Besides its role in electron transfer, and phosphorylation, the inner membrane is also the site
for certain other enzymatic pathways, such as, steroid (hormone) metabolism.
Matrix:
The interior of mitochondrion is called matrix (Fig. 2.21). It has granular appearance in electron
micrographs. Some large granules ranging from 30 nm to several hundred nanometers in
diameter are also present in the matrix. The matrix contains enzymes and factors for Krebs
cycle, pyruvate dehydrogenase and the enzymes involved in β-oxidation of fatty acids. (Table
2.6). However, succinate dehydrogenase is present in the inner membrane instead of matrix;
this enzyme catalyses the direct transfer of electrons from succinate to the electron transfer
chain.
The enzyme pyruvate dehydrogenase converts pyruvate to acetyl-Coenzyme A (acetyl-
CoA) which enters the Krebs cycle. Besides above, matrix also contains DNA, RNA,
ribosomes and proteins involved in protein and nucleic acid syntheses.

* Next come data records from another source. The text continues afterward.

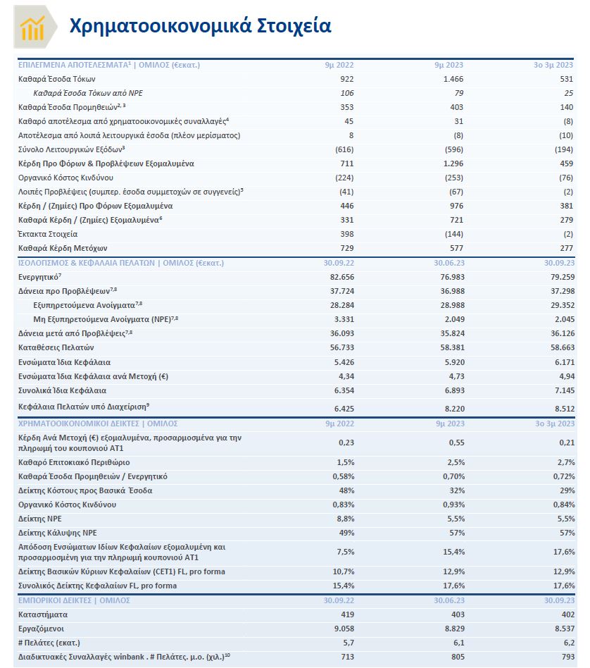 Κατά το 9μηνο 2023 τα εξομαλυμένα κέρδη ανά μετοχή ανήλθαν σε 0,55 ευρώ με RoaTBV 15,4%, υπερβαίνοντας τις εκτιμήσεις για το έτος 2023.
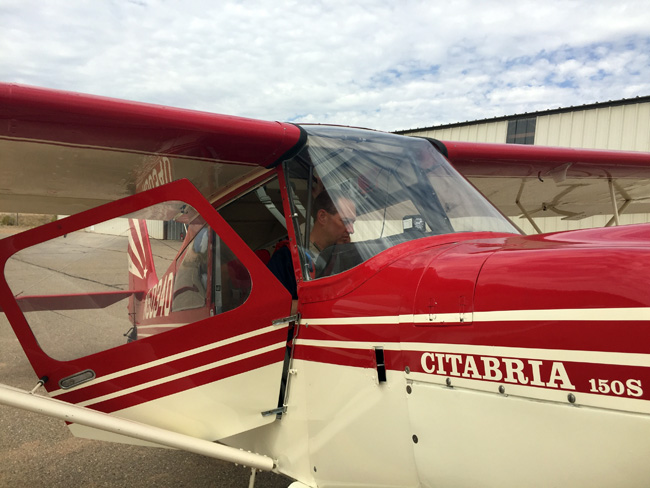 in a 1979 Citabria. It is a high wing tail dragger that is made
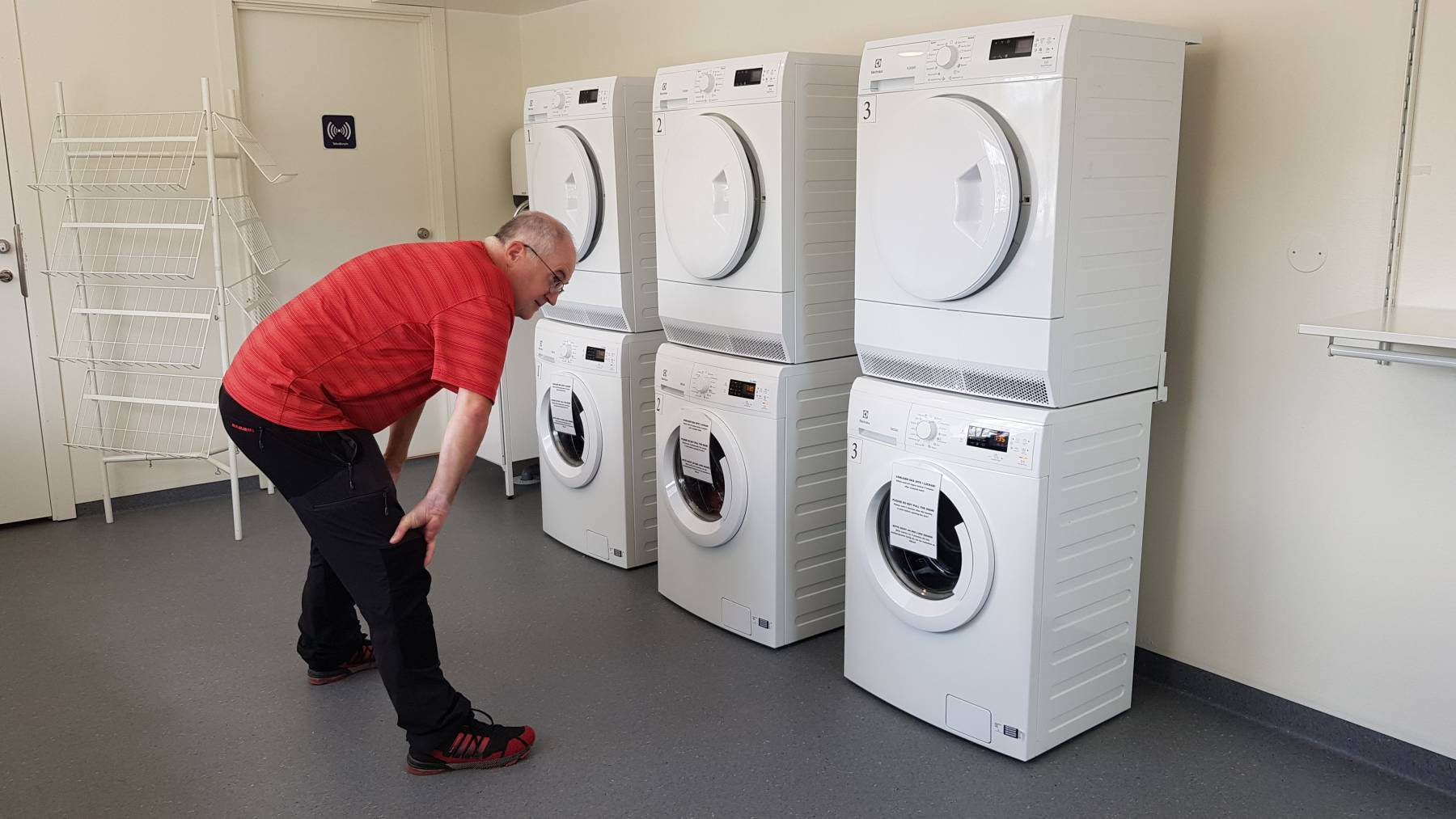 Das Thema Wäsche waschen – zum ersten Mal in Schweden – haben wir uns auch fest vorgenommen. Wie bereits erwähnt, müssen wir dafür auf einen Campingplatz. In Valdemarsvik suchen wir uns einen raus, bei dem wir auf einen Übernachtungspreis von € 20,–/Nacht kommen. Allerdings nur mit dem ACSI Rabattsystem für die Nebensaison, die hier noch bis zum 22.6. gilt. Wir fahren auf den uns zugewiesenen Platz und erfahren, dass die Waschmaschine defekt ist. Wir machen uns auf, die Shirts und Hemden mit der Hand zu waschen – „back to the roots“. Sehr ärgerlich, aber so ist es halt. Wir überlegen uns auf unserem Abendspaziergang wo wir jetzt hin sollen. Schon wieder auf einen Campingplatz oder nach Stockholm? Dort gibt es einen Waschsalon, wie wir lesen der einzige in Schweden, der Selbstwäsche ermöglicht – für € 25,– für eine 5kg Maschine bei 60 Grad. Und da sehen wir im Servicehaus im Hafen drei Waschmaschinen durch die Fenster. Man soll sich Waschzeiten im Internet buchen, steht da und erhält dann den Zugangscode oder man geht zur Touristeninfo – ist natürlich jetzt zu. Im Internet eine Waschmaschine in Valdemarsvik zu buchen gelingt uns nicht. Also am nächsten Morgen auf dem Weg uns lätschige Brötchen fürs Frühstück zu holen, noch kurz zur Touristeninfo. Und wer sagt es denn: Für knapp € 3,– können wir Waschmaschinen und Trockner den ganzen Tag lang nutzen. Der einzige Haken – das habe ich noch nicht erwähnt – das sind von unserem Stellplatz 2,4 km zu Fuß. Wir sind schon der Meinung, dass wir dafür bestraft werden müssen, dass wir den Campingplatz für zwei Tage im Voraus bezahlt haben. So packen wir, nach dem Verspeisen der wiederholt nicht leckeren Brötchen, zwei Rucksäcke und eine Tasche und marschieren bei 23 Grad los. Zum Glück ist keiner da und wir können alle drei Maschinen gleichzeitig nutzen, natürlich danach auch alle drei Trockner. Wir sind glücklich 😊.
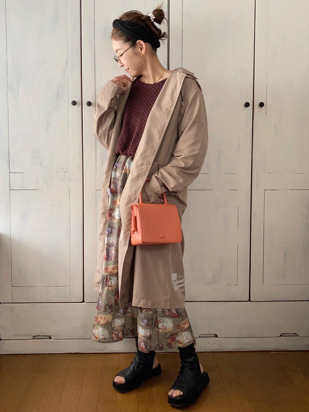 オーソドックスなコートみたいなレインコートは、雨の日以外も羽織として便利です。 多色使いの柄スカートとも好相性。 スカートはプーさん柄ですが何か(о´∀`о)くすくす ● PENRITH RAIN PACKABLE Traditional Weatherwear ステンカラーコートみたいな雰囲気で合わせやすいです。 しっかりしているのに軽く、シャカシャカオンのしない良い生地です。 ● 100エーカーの森柄スカート ROPE’ PICNIC ちゃんとティガーもピグレットも、クリストファーロビンも描かれているスカート。 好きすぎて着ないときは飾っています。 バッグはティガーの色を拾って、鮮やかなオレンジのもの。 ティガーから色を拾う日が来ようとは。 PR
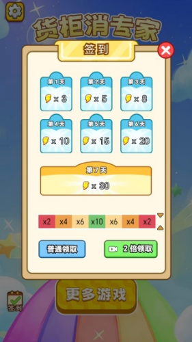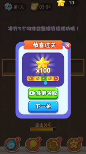 4、完成货柜消除任务,就可以获得通关奖励,观看视频还能多倍领取,然后解锁下一关。
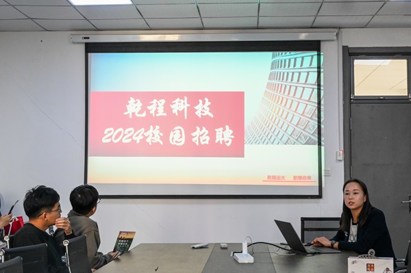 会议伊始,乾程集团秦玉女士介绍集团背景及此次座谈会目的,从“智慧用电”和“双碳新能源”两大核心业务出发,依次介绍储能中心、研发中心、智能制造中心等多个集团中心领域,并对于企业的晋升机制和秋季招聘岗位需求进行详细讲解。依秦玉在座谈会中所讲,乾程集团着眼于综合能源解决方案,占据大规模国内市场,鼓励大学生积极投入研发事业。会议期间,学生们踊跃提问,针对一名电气工程及其自动化专业学生的就业方向问题,秦玉从强电、弱电两个方面分别进行解答与建议。学生仍对薪资待遇、发展方向、就业岗位的对接领域等方面向秦玉提出问题,并得到她的耐心讲解。古镇口校区优秀学生杨海彤表示:“通过此次座谈会,我对乾程集团有更深入的了解,对未来的就业前景及发展方向也有更明确的认知,此次座谈会让我受益匪浅。”
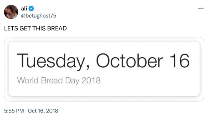 Even though "let's get this bread" refers to making money, the proliferation of the phrase means that people also began using the meme in a more literal manner.
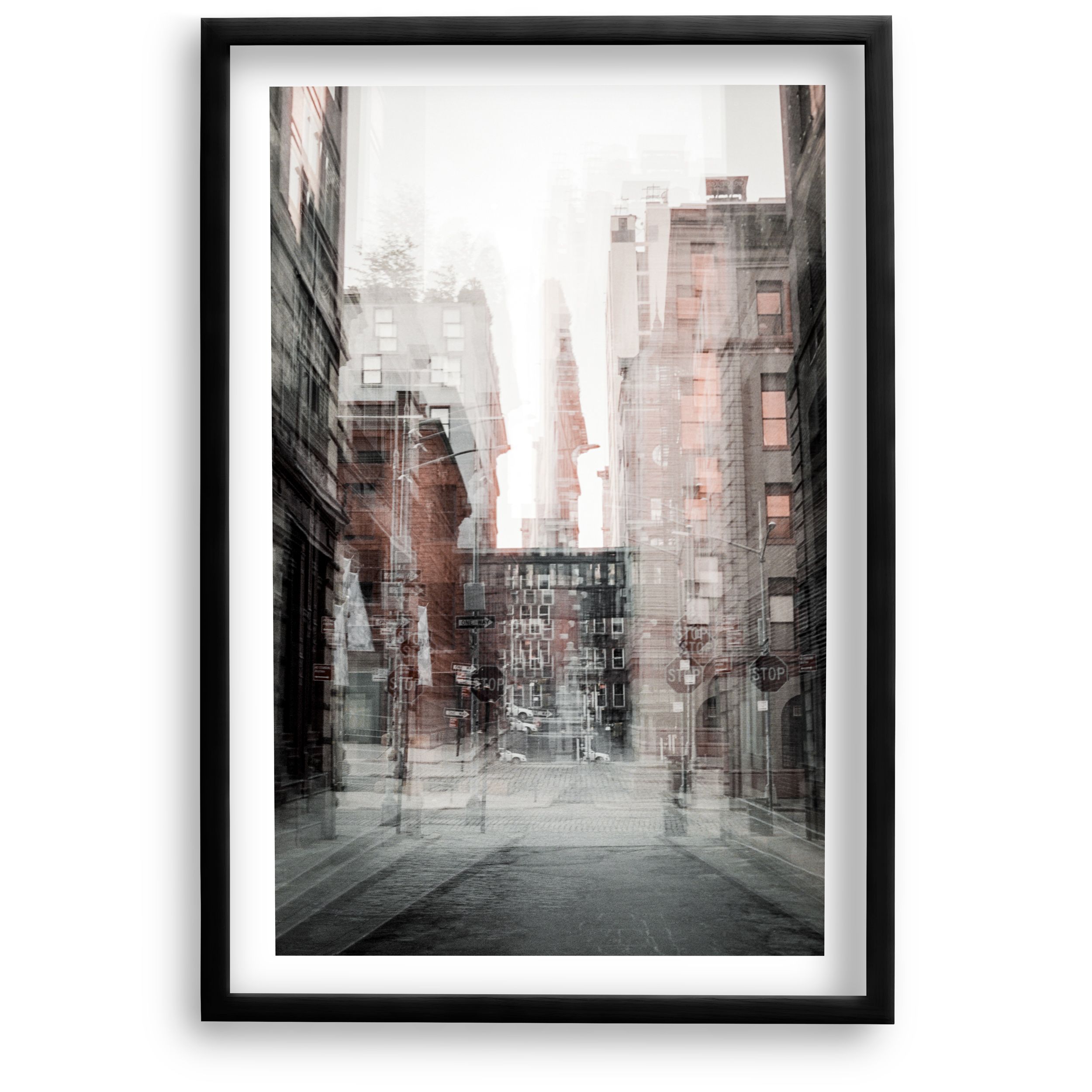 This abstract double exposure photograph layers the iconic Staple Street in Tribeca, creating a surreal blend of urban textures. Perfect for those who appreciate unique, modern art with a New York City edge, this piece elevates any gallery wall or living space.
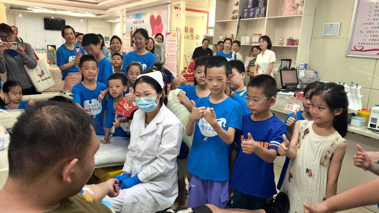 8月1日,泰安阳光志愿服务队组织小志愿者走进泰安市中心血站,以“沉浸式科普+实践”模式传播无偿献血理念。
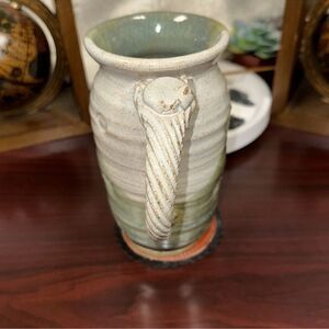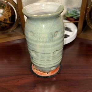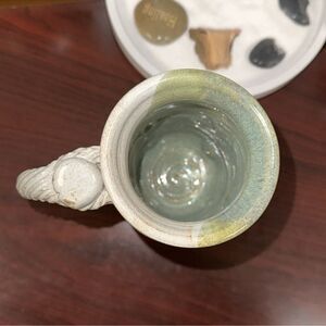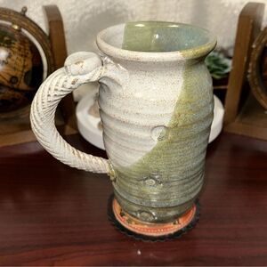 Handmade Pottery Artist Stamped Green Stone Gray Ivory Tall Mug
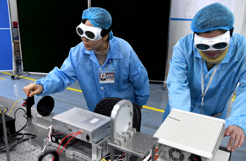 2月25日,在中国航空工业集团公司洛阳电光设备研究所,航空工业集团光电专业特级技术专家羊毅(左)与团队成员在实验室做实验。新华社记者 李安 摄
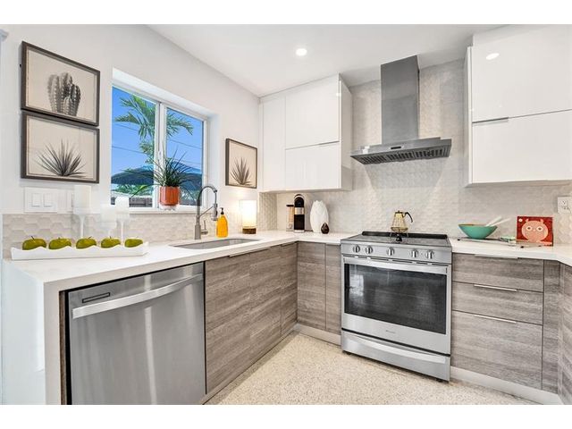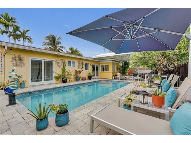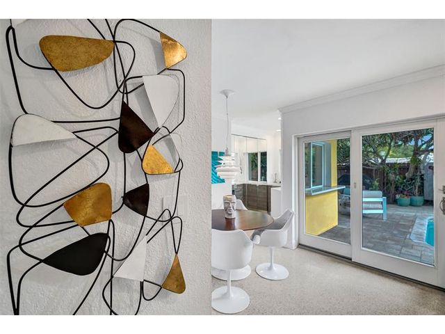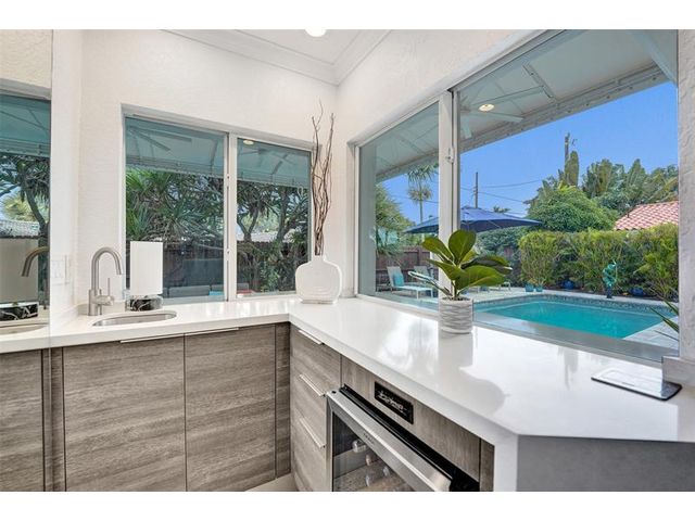 STUNNING CORAL HEIGHTS MID CENTURY POOL HOME COMPLETE W/ POLISHED TERRAZZO FLOORS THRU OUT & BRICK IMPACT WALL IN LIVING ROOM. ALL IMPACT WINDOWS & DOORS & NEW ELECTRICAL PANEL. MAIN TILE ROOF 2014 & FLAT ROOF 2021. ALL CAST IRON PIPES REPLACED W/ PVC. NEW EAT IN KITCHEN W/ QUARTZ COUNTERS, DESIGNER BACK SPLASH, STAINLESS STEEL APPL & SEPARATE BAR NOOK W/ QUARTZ STORAGE, BEVERAGE COOLER & WINDOWS OPENING UP TO PATIO FOR ENTERTAINING. LUSH TROPICAL REAR YARD W/ HEATED POOL, 19X17 VAULTED WHITE CANVAS AWNING W/ 3 FANS, SEPARATE HOT TUB W/ STEREO & SPEAKERS, & LG EXTENDED PAVER PATIO & OUT DOOR SHOWER , WIRED STORAGE SHED W/ LIGHTING & OUTLETS. SIDEWALKS ADDED ON NORTH & SOUTH SIDE. INTERIOR & EXTERIOR LIGHTING CONTROLS ARE KASA SMART CONTROLLED REMOTELY. SEE ATTACHMENT LIST
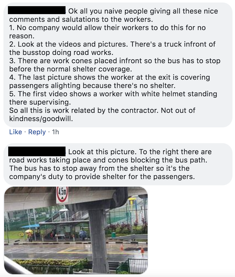 Subsequently, the man stayed for a while at the bus stop to observe. The duo — still donning their hard hats and work vests — would wait for buses to arrive at the stop along Sengkang East Way and step forward with open umbrellas to provide shelter to boarding and alighting passengers. It’s sad to note from the videos captured that some of the folks didn’t offer their thanks to the selfless workers.
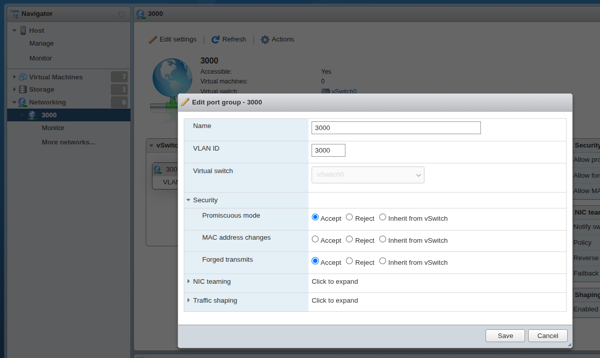 Для включения Promiscuous mode необходимо перейти в меню "Networking" выберите необходимый сетевой адаптер, нажмите на кнопку "Edit settings", разверните раздел "Security", устнановите параметр "Promiscuous mode" и "Forged transmits" на "Accept"

Chemical Composition of Mitochondria:


The gross chemical composition of the mitochondria varies in different animal and
plant cells. In general, mitochondria are found to contain 65 to 70% proteins, 25 to 30% lipids,
0.5% RNA and small amount of DNA. The lipid content’ of mitochondria are composed of
90% phospholipids, 5% or less cholesterol and 5% free fatty acids and triglycerides. The inner
membrane is rich in the phospholipid, called cardiolipin that makes the membrane impermeable
to various ions and small molecules. The enzyme composition of mitochondrial compartments
and membranes are shown in Table 3.2:
Functions of Mitochondria:

a. Mitochondria function as energy-transducing organelle into which the major degradation


products of cell metabolism penetrate and are converted into chemical energy (ATP) that is
used in various activities of the cell. The process of energy transformation that occur in
mitochondria are based on three coordinated steps:
(i) Krebs cycle, carried out by a series of soluble enzymes present in the matrix, which produces
CO2 by decarboxylation and removes electrons from the metabolites.
(ii) The respiratory chain or electron transport system, which captures the pairs of electrons
and transfers them through a series of electron carriers, which finally leads by combination
with activated oxygen to the formation of H2O.
(iii) A phosphorylating system, tightly coupled in the respiratory chain, which at three points
gives rise to ATP molecules.

b. In the mitochondria of all cells, the outer membrane enzymes mediate the movement of free
fatty acids into the mitochondrial matrix. In the matrix, each fatty acid molecule is broken down
completely by a cycle of reactions, called P-oxidation that trims two carbons from its carboxyl
end, generating one molecule of acetyl-CoA in each turn of cycle. This acetyl-CoA is fed into
Krebs cycle for further oxidation.

c. Besides the ATP production, mitochondria perform certain biosynthetic or anabolic


functions. It contains DNA and the machinery needed for protein synthesis. Therefore, it can
make different proteins of its own. These proteins include subunits of ATP synthase, portions
of the reductase and three of the seven subunits in cytochrome oxidase. The synthesis of haeme
(needed for myoglobin, haemoglobin) begins with a mitochondrial reaction catalyzed by the
enzyme delta or d-aminolevulinic acid synthetase. Likewise, some early steps in the conversion
of cholesterol to steroid hormones in the adrenal cortex are also catalyzed by mitochondrial
enzymes.

d. Sometimes the mitochondria assume storage functions, e.g., the mitochondria of ovum store
large amounts of yolk proteins and transform them into yolk platelets.

e. A secondary function of mitochondria is to synthesize proteins for their own use. They work
independently, and execute the transcription of DNA to RNA, and translation of RNA to amino
acids (the building blocks of protein), without using any components of the cell.